Reproduce, word for word, the lines in the material below starting with the one that has "Del 5 a l'11" and going on through the one that has "Kolsuz Biyeli Fitilli". Leave out all pictures.

◆ **PROVIDED INFORMATION**
____________________

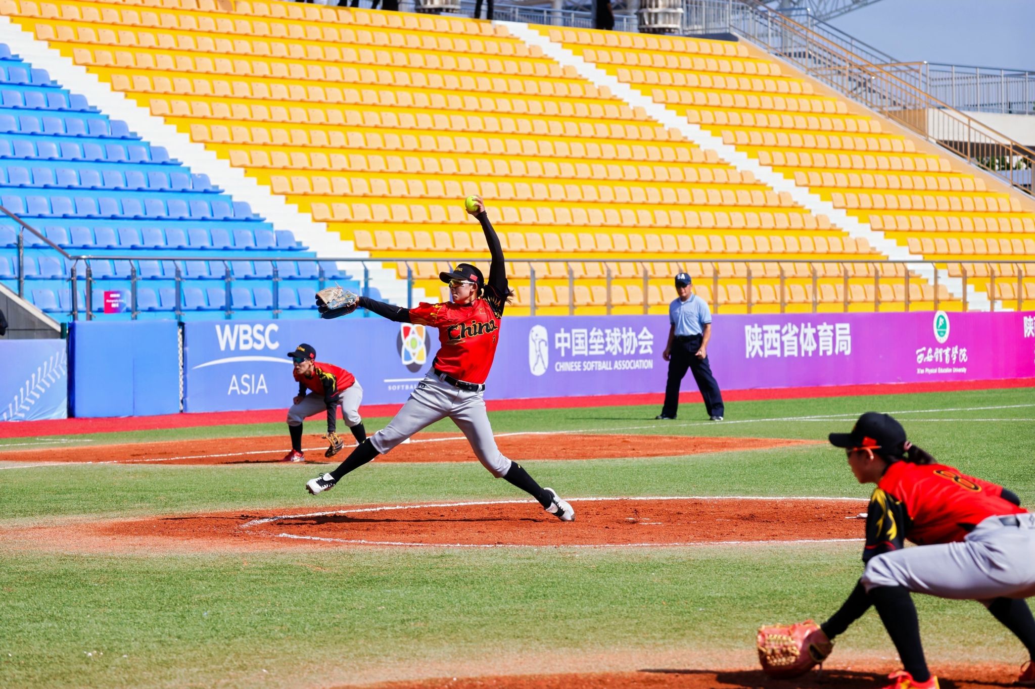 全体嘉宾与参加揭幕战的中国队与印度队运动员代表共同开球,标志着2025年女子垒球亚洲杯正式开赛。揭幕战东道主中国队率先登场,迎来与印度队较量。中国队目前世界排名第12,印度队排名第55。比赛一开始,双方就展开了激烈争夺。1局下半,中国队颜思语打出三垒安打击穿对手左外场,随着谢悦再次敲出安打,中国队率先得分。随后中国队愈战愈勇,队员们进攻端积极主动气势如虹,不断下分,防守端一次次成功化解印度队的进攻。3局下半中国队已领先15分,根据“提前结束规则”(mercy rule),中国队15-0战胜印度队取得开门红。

____________________

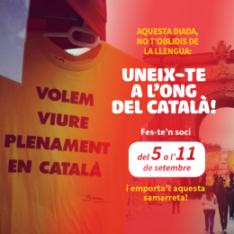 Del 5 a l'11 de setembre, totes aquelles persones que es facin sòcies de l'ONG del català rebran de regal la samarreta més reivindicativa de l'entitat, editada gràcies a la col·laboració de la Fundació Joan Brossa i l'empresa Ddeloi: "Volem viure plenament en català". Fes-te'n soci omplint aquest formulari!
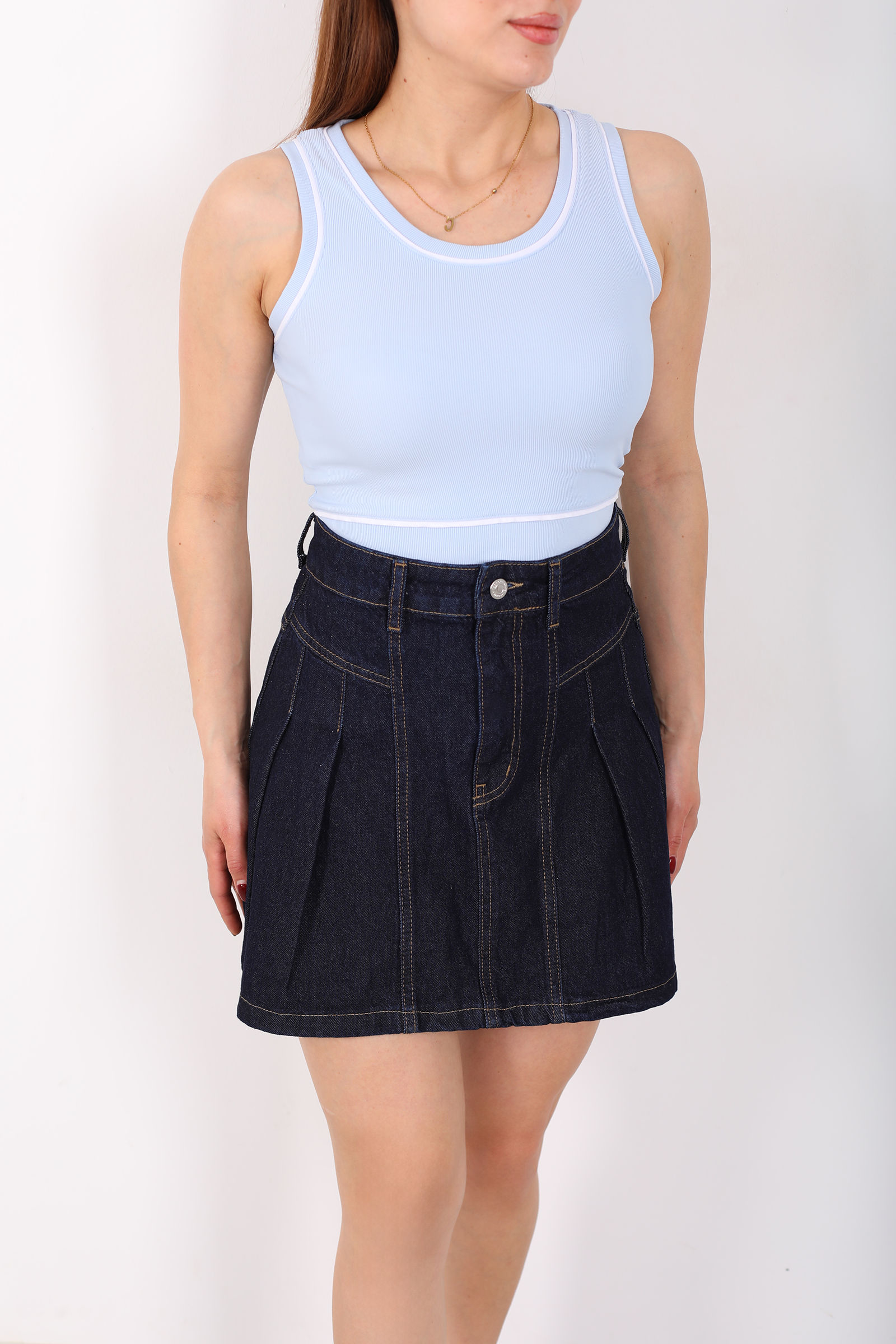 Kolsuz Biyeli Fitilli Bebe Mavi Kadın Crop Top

____________________

◆ **PROBLEM SOLUTION**
 Del 5 a l'11 de setembre, totes aquelles persones que es facin sòcies de l'ONG del català rebran de regal la samarreta més reivindicativa de l'entitat, editada gràcies a la col·laboració de la Fundació Joan Brossa i l'empresa Ddeloi: "Volem viure plenament en català". Fes-te'n soci omplint aquest formulari!
 Kolsuz Biyeli Fitilli Bebe Mavi Kadın Crop Top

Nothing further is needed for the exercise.